Answer
center at $(2, -3)$
radius = $1$ unit
Work Step by Step
RECALL:
(1) The center-radius form of a circle's equation is $(x-h)^2+(y-k)^2=r^2$ where $(h, k)$ is the center and $r$ = radius
(2) To complete the square for $x^2+b^2$, add $(\frac{b}{2})^2$. The factored form of the perfect square trinomial is $(x+\frac{b}{2})^2$.
To write the given equation in center-radius form, perform the following steps:
(1) Subtract 12 to both sides of the equation:
$$x^2+y^2-4x+6y=-12$$
(2) Group terms terms with the same variable:
$$(x^2-4x)+(y^2+6y)=-12$$
(3) Complete the square.
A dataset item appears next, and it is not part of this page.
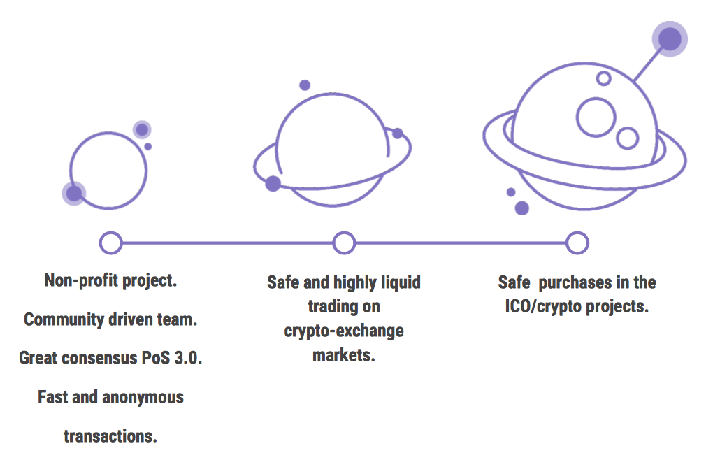 With this system, the main problems of high-risk ICO primary coin market, expensive cryptocurrency transactions, weak liquidity on the selected exchanges and theft of the user capital on these exchanges through hacking will be avoid.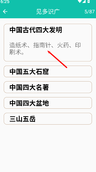 2、在课程页面中浏览“国四大发明”相关知识,可依次查看造纸术、指南针、火药、印刷术的介绍。

Make sure to add in the right side of the equation whatever was added on the left side of the equation to maintain the equality of both sides.
$$(x^2-4x+\color{blue}{(\frac{-4}{2})^2})+(y^2+6y+\color{red}{(\frac{6}{2})^2})=-12+\color{blue}{(\frac{-4}{2})^2}
\\(x^2-4x+4)+(y^2+6y+9)=-12+4+9
\\(x-2)^2+(y+3)^2=1$$
Therefore, the circle has:
center at $(2, -3)$
radius = $1$ unit